Lime Light Guest Post Series
Jeff Unze, VP Bis Dev, Boarder X Lab. Jeff has worked in the Chinese internet space since it’s early beginnings in 1999 where he headed ad sales and marketing at Sina.com. Jeff co-founded Lucky Pacific Networks, the first Asian-focused performance media company and holds an MBA from Thunderbird -The American Graduate School of International Management. Currently, he runs business development for BorderXLab building merchant relationships for one of the leading cross-border e-commerce apps in China (BieYang). He speaks regularly at industry conferences on cross-border marketing in Asia.
China is the world’s biggest e-commerce market, currently twice the size of the US, and three times its size by 2020. It’s alluring for both US and European retailers, but many are confused about how to go to market in China. it’s easier than you might think.
Previously, marketing to China required logistics, localization, payment integration and a local partner. Brands turned to marketplaces like TMall and JD, that require $100,000 setup fees, six-figure advertising commitments, loss of brand control and bad revenue share terms.
Today, China’s newly wealthy are sophisticated “hai tao” (overseas) buyers, who visit international websites to find the best the world has to offer. 20% of all digital shoppers bought something from a foreign site in 2016 according to McKinsey’s 2016 iConsumer survey. The market size is expected to be $50 billion USD this year.
Which products are the right fit? Baby and mom items dominate, composing 50% of cross-border volume. Fashion and beauty products are next, both affordable and aspirational luxury brands do quite well. Health and tech products are also significant slices of the market.
Four categories of traffic partners dominate performance in China.
- Cash back and deal sites can drive tens of thousands of customers to your .com. The downside is low cart conversion when users are linked out to an English site that doesn’t have Chinese characters, payment options, or logistics. Less than 1% of Chinese have international credit cards, fewer have PayPal.
- China Influencers (key opinion leaders), with great names like “Mr. Bags” and “GoGoBoi,”, do a great job culturally positioning brands to build instant credibility. Many take liberties with placement, however, cyber-squatting on social media brand pages and portraying themselves as official channels. Few also have purchase functionality which hurt conversions.
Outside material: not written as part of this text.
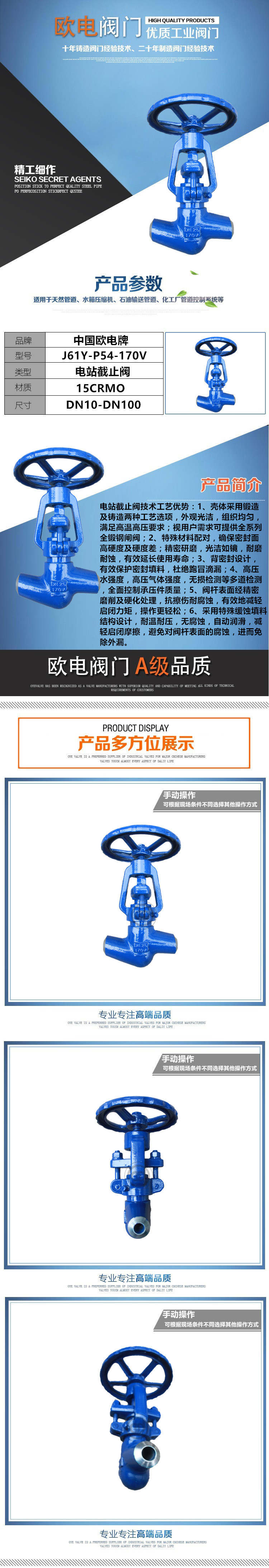 电站截止阀适用于Class1500~3500Lb、工作温度-29~570℃的石油、化工、火力电站等各种工况的管路上切断或接通介质。适用介质为:水、油品、蒸汽等非腐蚀性介质。

- China resellers are online retail partners that take advantage of China’s logistics, payment, and localization asymmetry to make money. They offer international products for sale on their site at a premium. They take payment from their customers via Wechat or Alipay and then place the order directly on merchant’s international sites, and ship to a US freight forward address. The downside is final customer information is not passed to the merchant, and pirated products often make their way into the product mix.
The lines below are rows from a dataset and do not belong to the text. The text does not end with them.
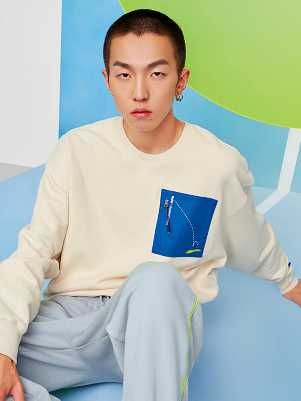 乳白色圆领卫衣上的亮蓝色口袋格外吸睛,还将具有动感的乒乓球弧线巧妙融入。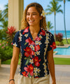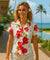 Women Hawaiian Fitted Blouse Orchid Plumeria Panel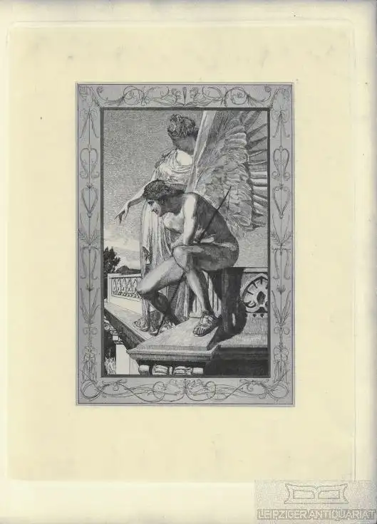 Bemerkungen: Zustand: Blatt mit minimalen Lichtrand und kleinen Knicken an den Ecken // Auf gewalztem gelbem China, auf Velinkarton, Strichätzung & Aquatinta, in Schwarz. Kunstgrafik. Druckgröße: 35 x26 cm, Max Klinger (1857 Leipzig - 1920 Großjena) die Mappe I. Max Klingers Radierungen zu Apulejus Märchen Amor und Psyche Opus Va. enthielt 15 Vollbilder

- China eCommerce apps are the last category of cross-border options. Shopping apps help users buy the way they want (65% of e-commerce in China is done via smart phone). Some of the apps do other functions, as well, such as discovery via user or professionally generated content articles.
How do you find these partners? Your affiliate network rep should have a database of good places to start. You can do a quick search in your affiliate network for Chinese names as well. There are also a number of KOL agencies that can also point you in the right direction. The opportunity is huge and well worth the time required to vet and check China channels.